Nov. 10 (Bloomberg) -- The first results from wells in Poland show Europe is unlikely to match the U.S. boom in shale gas, analysts at Bernstein Research said.
Two wells in Poland’s Baltic basin, where hydraulic fracturing was used to release gas, flowed at rates below the those seen at fields in the U.S., in part because of pressure in the shale rock, Bernstein said. Hydraulic fracturing, or fracking, is a technique that uses water, chemicals and sand to open fissures in rocks.
The development of shale fields in Poland, considered Europe’s best prospect for so-called unconventional gas, will be further held back by a lack of land, water and drilling rigs, Bernstein said. Exxon Mobil Corp. and Chevron Corp. are among producers drilling in Poland.
“Recent data from Poland’s shale gas wells validate our concerns about European shale gas: poor flow rates in over-pressured, hard-to-develop shales,” Bernstein analyst Oswald Clint in London said in the report. “Conventional gas markets should tighten rather weakening on a shale gas boom.”
Poland has one-tenth the spare water resources available to U.S. shale producers, a more densely-populated country, eleven times the reliance on agriculture and one-hundredth the drilling-rig count, the report said. Other European countries with shale reserves include the U.K., Ukraine and France.
The Lebien and Lebork wells in the Baltic Basin flowed gas at rates well below the flows from similar wells in the U.S.’s Barnett, Fayetteville and Marcellus shales, where average 30-day flows range from 2 million to 4 million cubic feet a day.
Lebien is operated by a unit of London-traded 3Legs Resources Plc.
Lebork, which Bernstein says has cost $6.5 million, was drilled by a subsidiary of Camarillo, California-based BNK Petroleum Inc. BNK said today it will use a new fracture design next year 2012 to re-stimulate the well.

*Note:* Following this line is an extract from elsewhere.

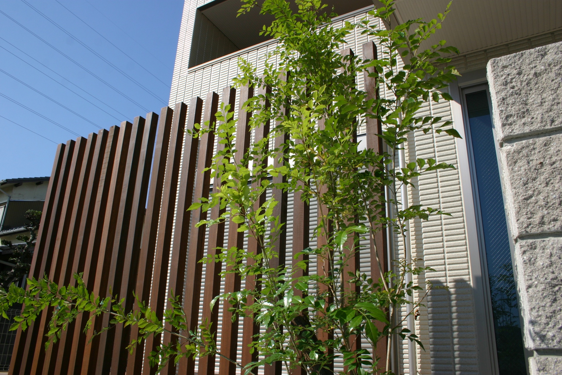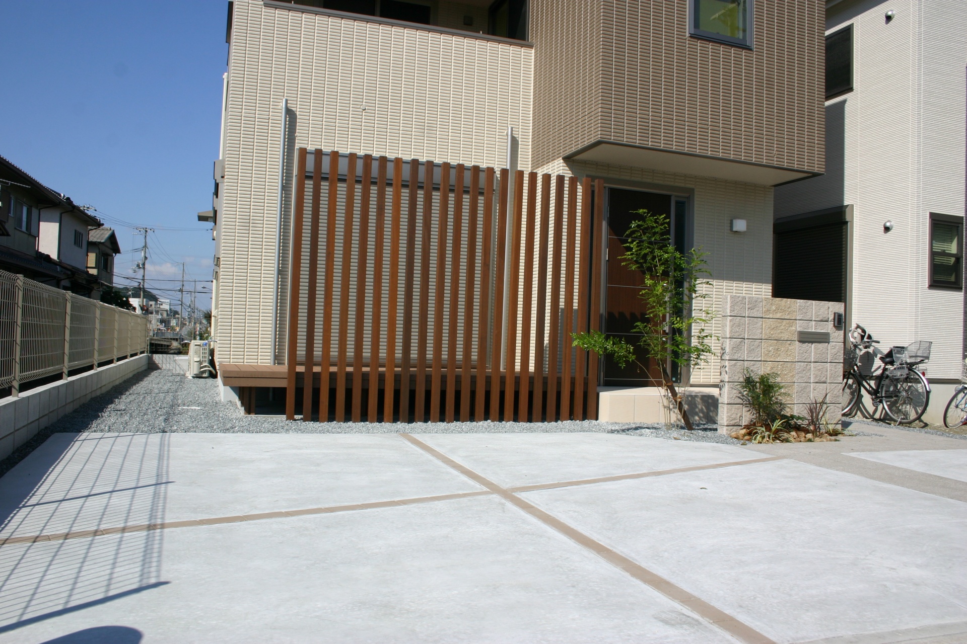 施工実績 姫路市新築外構 ブラウンカラーアクセントでモダンエクステリア ブラウンとべージュのツートンカラーがポイントの姫路市U様邸。玄関扉のブラウンに合わせデッキ前の目隠しを同系色のウッドで連続スリットフェンスでデザインしました。門柱も落ち着いた色合いのデザインブロックでツートンデザインに施工しました。 シマトネリコの植栽のグリーンとウッドの連続スリットのカーラーコーディネイト。 ウッドのカラーを基調にした落ち着いたデザインに完成しました。
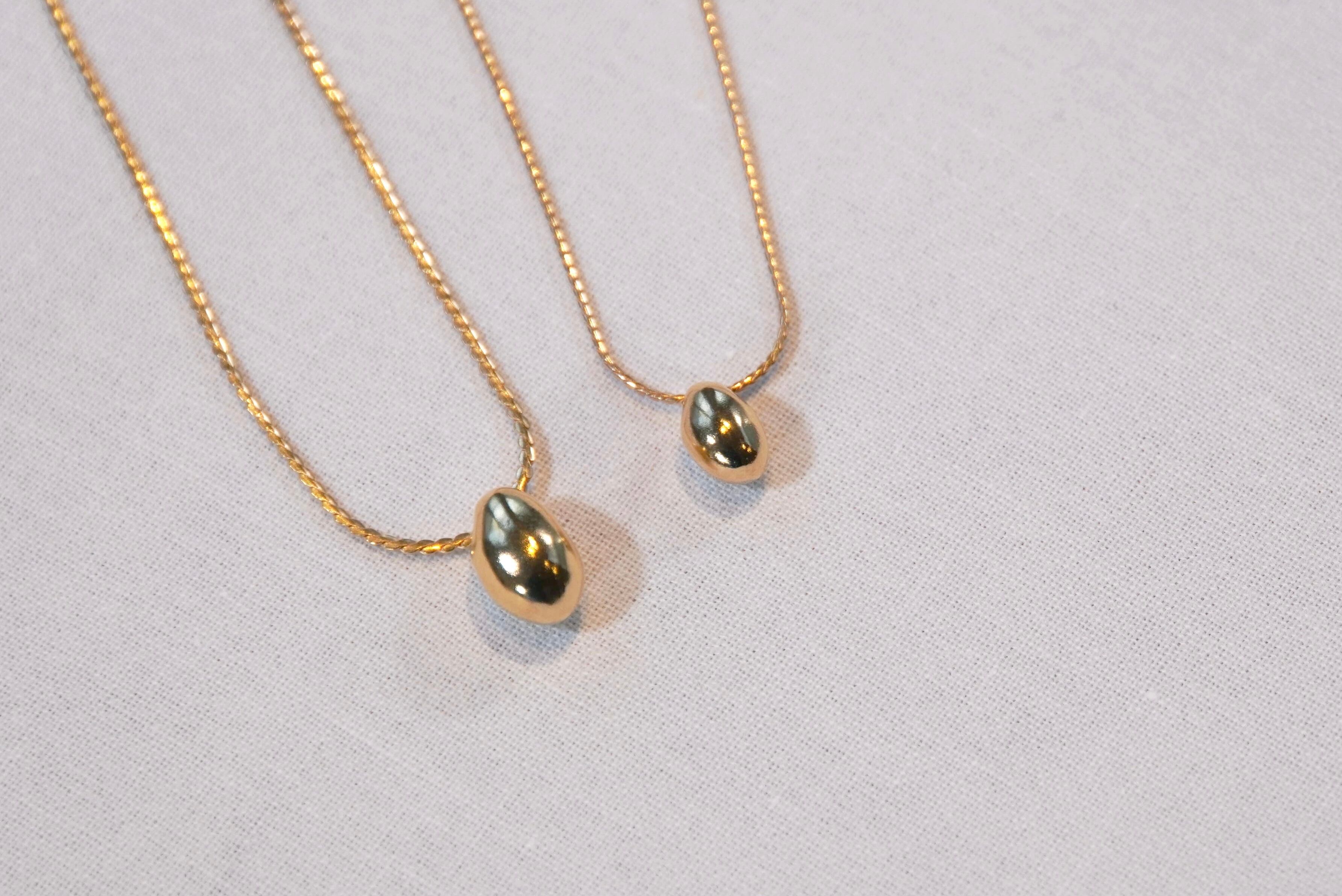 お米のかたちをモチーフとしたシリーズのネックレス。

"Drilling costs are under control, they are higher than in the U.S. but this is due to the market conditions, we're hoping they will fall once the competition grows," Jacek Wroblewski, the country manager for BNK Petroleum Inc. in Poland, said by phone today.
Concern that fracking pollutes drinking water may also hold back development of fields in Europe. France has banned shale drilling while more research on its environmental impact is carried out.
Gas markets in Europe will continue to tighten, Bernstein said, citing declining indigenous production, increasing flows of liquefied gas to higher-priced Asian markets, peaking Norwegian output and gas-fired power demand climbing at a rate of about 1.3 percent a year.
Conventional gas producers will benefit, the report said, including OAO Gazprom, Eni SpA, Royal Dutch Shell Plc, Total SA and BG Group Plc.